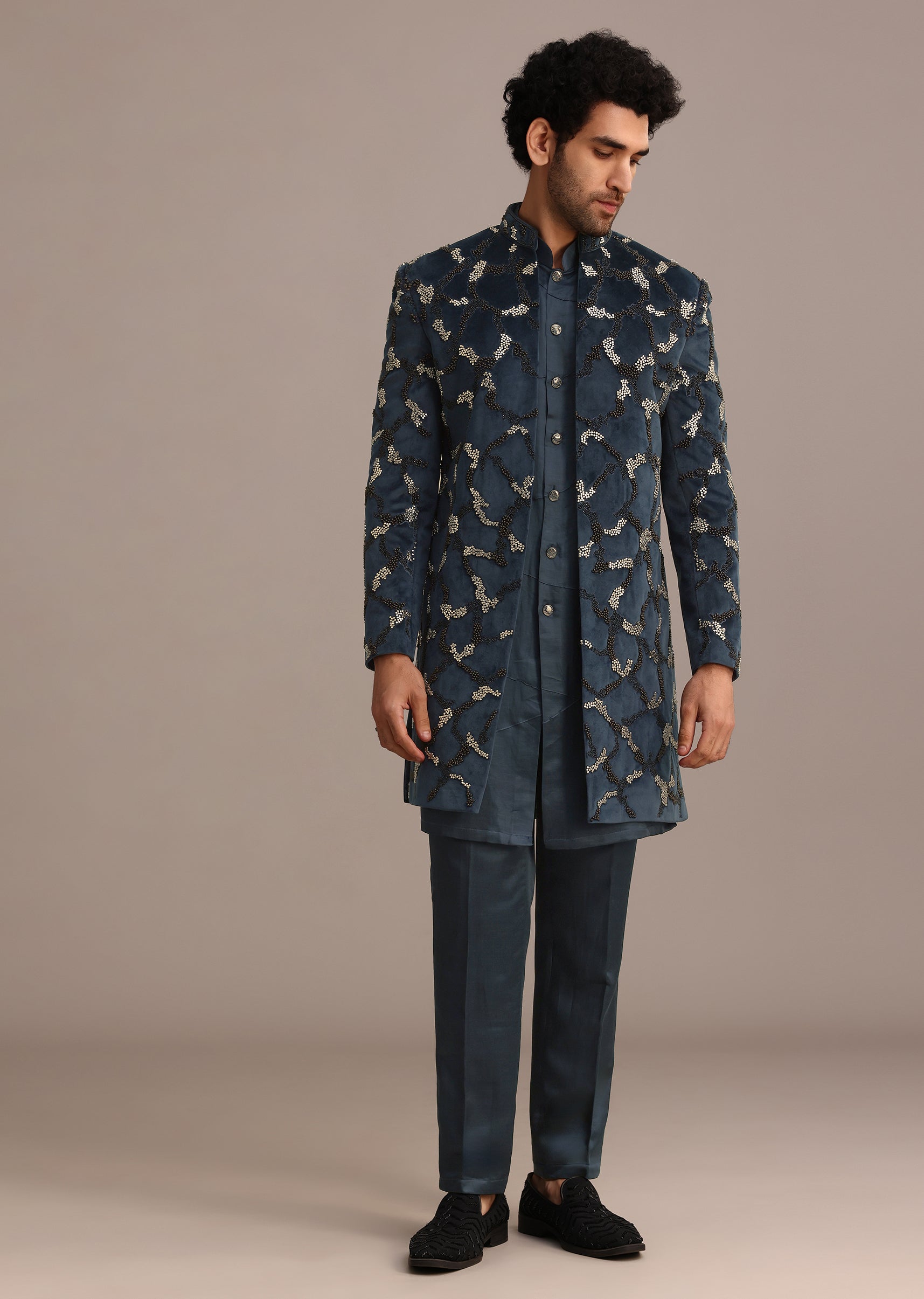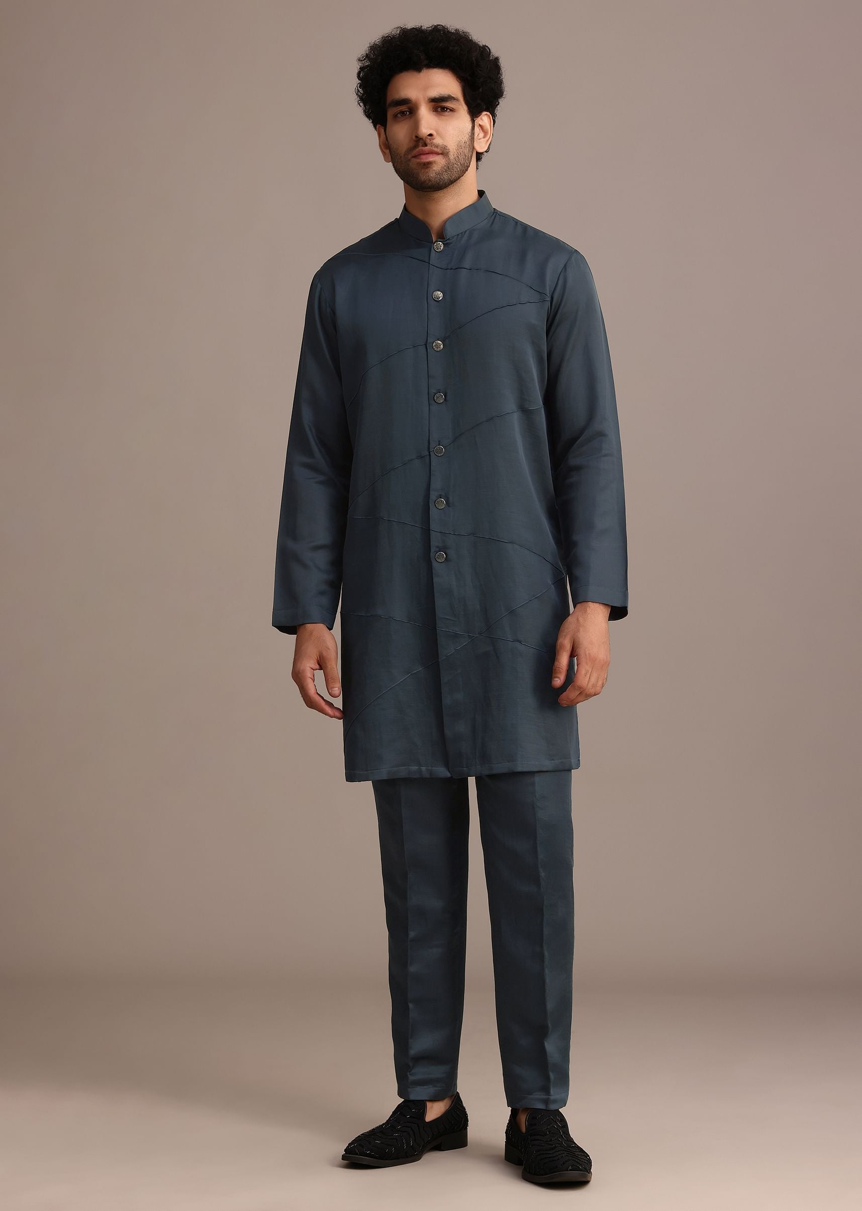 - Featuring a mandarin collar, full sleeves and front button placket elevate, the jacket comes with a kurta and coordinating pants.
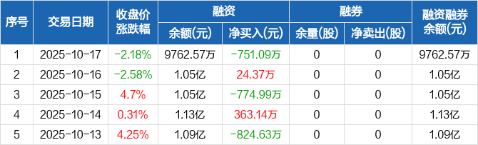 宇邦新材:融资净偿还751.09万元,融资余额9762.57万元(10-17)
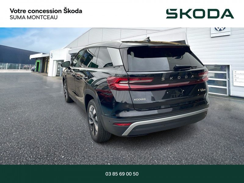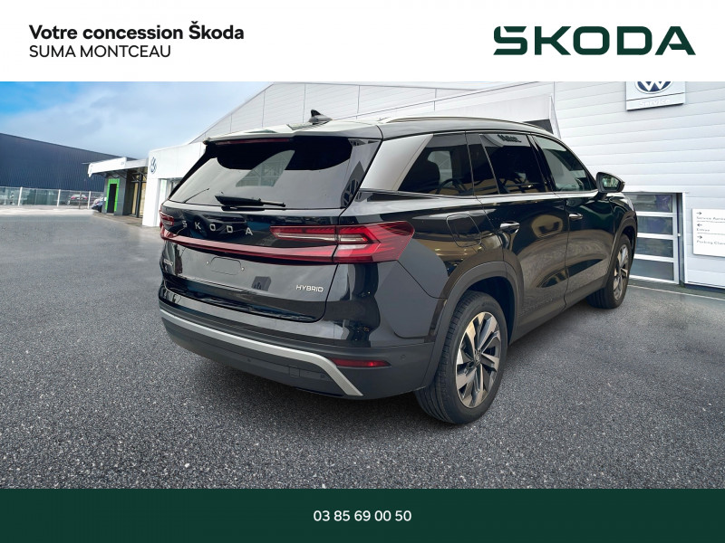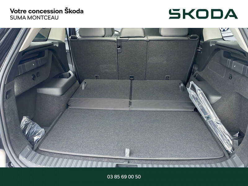 PACK KODIAQ 7 PLACES / NOIR MAGIC NACRE / EXTENSION DE GARANTIE 2 ANS / 60 000 KM / DESIGN SUITE NOIR : SELLERIE CUIR NOIR / Banquette AR rabattable automatiquement depuis le coffre à bagages / Boîte de vitesse automatique à 7 vitesses / Design intérieur Suite Noir - Habillage planche de bord / contreportes / poignée de maintien de porte matériau synthétique noir - Insert décoratif sur la planche de bord / contreportes gris design cygne - Sellerie cuir noir et matériau synthétique noir - Eclairage de l'espace aux pieds AR / Diffuseur AR noir avec insert Unique Dark Chrome (rendu alu mat) / Ecran d'info-divertissement 13'' avec système de navigation et nettoyeur d'écran / Entourage des vitres noir glossy et pillier montant AR en Unique Dark Chrome (rendu alu mat) / Feux de jour avec allumage automatique des projecteurs / fonction ''Coming Home'' et ''Leaving Home'' / Front Assist - système de sécurité anti-collision / avertissement et aide au freinage d'urgence pour véhicules / piétons et cyclistes / Grille de calandre noire avec contour Unique Dark Chrome (rendu alu mat) / HHC : Hill Hold Control (aide au démarrage en côte) / Insert décoratif gris design cygne sur planche de bord / contreportes inserts en continuité de la poignée de porte Unique Dark Chrome (rendu alu mat) / Habillage matériau synthétique noir ou cognac sur planche de bord / contreportes / poignée de maintien de porte / Intelligent Park Assist (assistant aux manoeuvres de stationnement) / Jantes alliage 19'' Halti antracite (235/50 R19) / Lettrage Unique Dark Chrome (rendu alu mat) à l'AR du véhicule / Pack Acoustique - Vitrage acoustique sur les vitres AV - Vitres et lunette AR surteintées / Pack Assistance de Conduite Plus - Caméra 360° - Intelligent Park Assist : assistant aux manoeuvres de stationnement - Trained Parking : mémorisation du stationnement - Remote Park Assist : stationnement à distance via Smartphone / Pack Confort Plus Double plancher de coffre / Roue de secours tôle à encombrement réduit / Sièges AV à réglage électrique avec fonction mémoire / et supports lombaire à réglage électrique / Système son CANTON / Fonction Virtual Pedal sur le hayon de coffre: ouverture mains libres / Pack d'Ambiance Intérieur à LED incluant le logo d'accueil SKODA projeté sous les portes AV / Pack Look - Entourage des vitres noir glossy - Montant AR en Unique Dark Chrome (rendu alu mat) - Rampes de pavillon Unique Dark Chrome (rendu alu mat) - Seuils de porte AV / Pack Simply Clever Family Airbags latéraux AR / Compartiment de rangement sur le tunnel AR / Pare-soleil pour vitres AR intégrés dans les portières / Poubelle de porte / Protection des arêtes de portes / Support pour tablette / Pack Visibilité Plus Calandre avec bandeau horizontal illuminé reliant les deux phares AV / Phares AV Full Matrix LED (Welcome effect effet bienvenu au dévérouillage du véhicule / système d'éclairage auto-adaptatif AFS) / Feux AR full LED avec bandeau décoratif rouge entre les feux (incluant clignotants à défilement et fonction welcome effect) / Poignées de portes intérieures Unique Dark Chrome (rendu alu mat) / Préparation pour dispositif d'attelage / Radars de stationnement AV/AR avec assistance à la manoeuvre (stoppe la voiture pour eviter une collision lors d'une manoeuvre) / Rear Cross Traffic Alert (inclus avec le Side Assist) assistant de sortie de stationnement et changement de file via un signal visuel et sonore / Remote Park Assist : stationnement à distance via Smartphone / Toit panoramique ouvrant électrique en verre / Trained Parking :mémorisation du stationnement / Volant 2 branches multifonctions avec palettes en cuir / 1 ports USB type C de 15kW à l'AV / situé sur le rétroviseur intérieur / 3 Appuie-têtes AR / 3 Commandes intelligentes SKODA SMART DIALS boutons-poussoirs rotatifs personnalisables avec affichage numérique / 4 crochets porte-sacs rabattables situés dans le coffre + 2 compartiments de rangement dans le coffre / 4 ports USB type C de 45kW (2 dans la console centrale à l'AV et 2 dans la console centrale à l'AR) / 8 HP + 1 HP central (également pour Ecall) / déconnectable côté passager / Airbags latéraux (thorax) dans les sièges AV / Assistance 24 /24 H pendant 7 ans / Aumônières au dos des sièges AV / Avertisseur de ceinture de sécurité non-bouclée / rabattable et coulissante sur 180 mm / Boîte à gants côté passager en partie supérieure du tableau de bord avec surpiqûres / Boîte à gants éclairée côté passager en partie inférieure du tableau de bord / Caméra 360° / Cargo-éléments flexible pour compartimenter le coffre / Ceintures de sécurité AR 3 points / Ceintures de sécurité AV à 3 points / avec prétensionneurs / Ciel de pavillon gris orage / Commande vocale / Compartiment de rangement central fermé et éclairé sous le système d'info-divertissement incluant la Phonebox / Console centrale AV intégrant un espace de rangement / porte-gobelets et prise 12V / Crew Protect Assist (système de protection proactive des passagers AV et AR) / Crossroad Assist (inclus avec le Front Assist) assistant d'intersection lorsque l'on s'engage sur une route où la vue est obstruée par des obstacles (clôtures / voitures stationnées). L'assistant réagit en cas de danger imminent / si des véhicules ou cyclistes arrivent de côté / en déclenchant une alerte sonore et visuelle / Digital Cockpit 10 / 25 : compteurs digitaux personnalisables / Direction assistée asservie à la vitesse / Dispositif Phonebox et recharge par induction réfrigérée pour 2 téléphones délivrant une puissance de 15W par téléphone / Door Opening Alert (inclus avec le Side Assist) : assistant de descente de véhicule via un signal visuel et sonore / Détecteur de fatigue / Détecteur de pluie et de lumière / Eclairage dans le coffre (2 lampes) / Eclairage de l'espace aux pieds AR / Eclairage de l'espace aux pieds AV / Eclairages dans
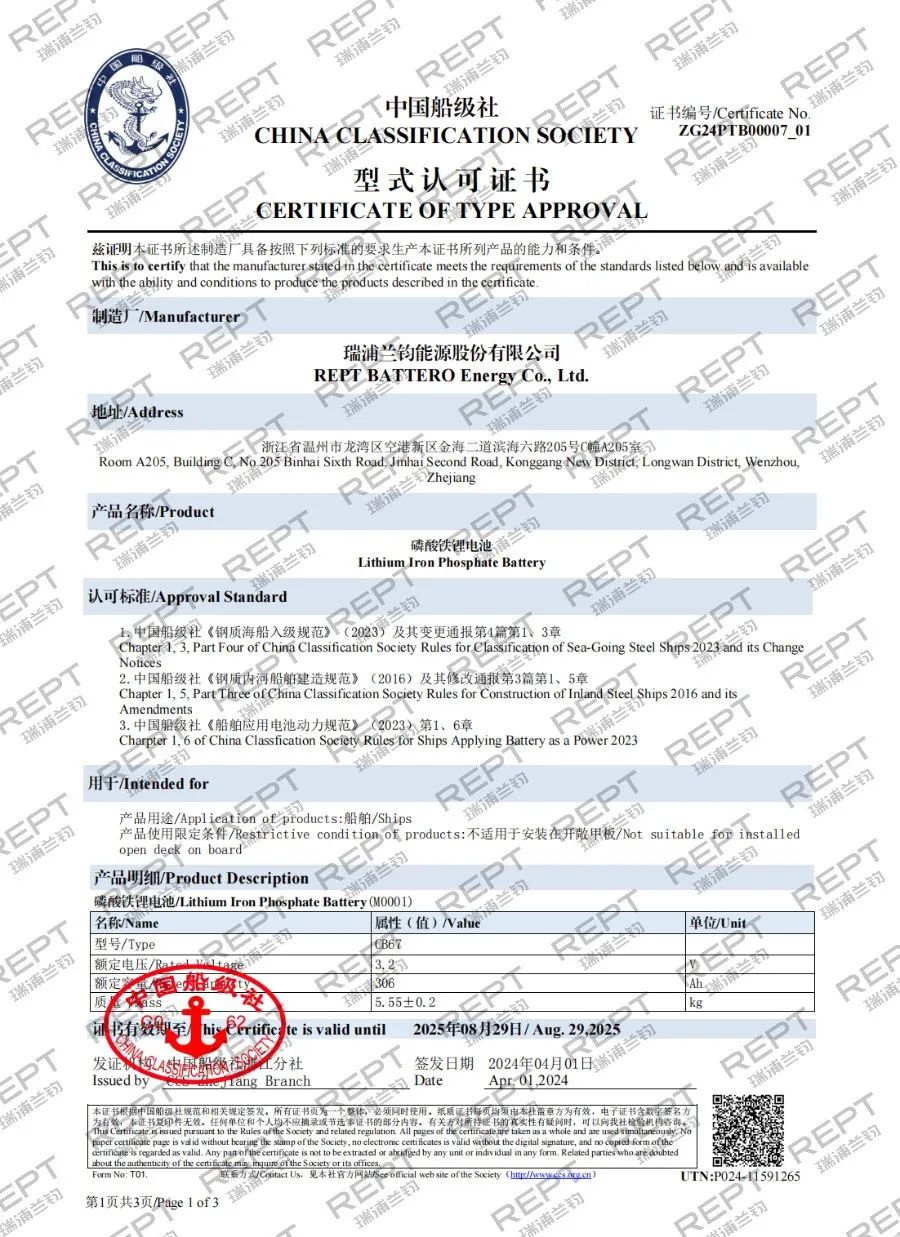 瑞浦兰钧306Ah电池经过严格的图纸审核、产品型式试验、严苛的船海工况测试和工厂审核,最终获得中国船级社的认证。这不仅证明了306Ah电池在设计和制造方面上的卓越性能,也标志着306Ah电池完全满足船级社的认证标准。

_YOUR INSTRUCTIONS_:
Up to and including the line containing "宇邦新材:融资净偿还751.09万元,融资余额9762.57万元(10-17)", repeat every line from the start of the data, but none of the pictures.

_EXERCISE RESPONSE_:
 - Featuring a mandarin collar, full sleeves and front button placket elevate, the jacket comes with a kurta and coordinating pants.
 宇邦新材:融资净偿还751.09万元,融资余额9762.57万元(10-17)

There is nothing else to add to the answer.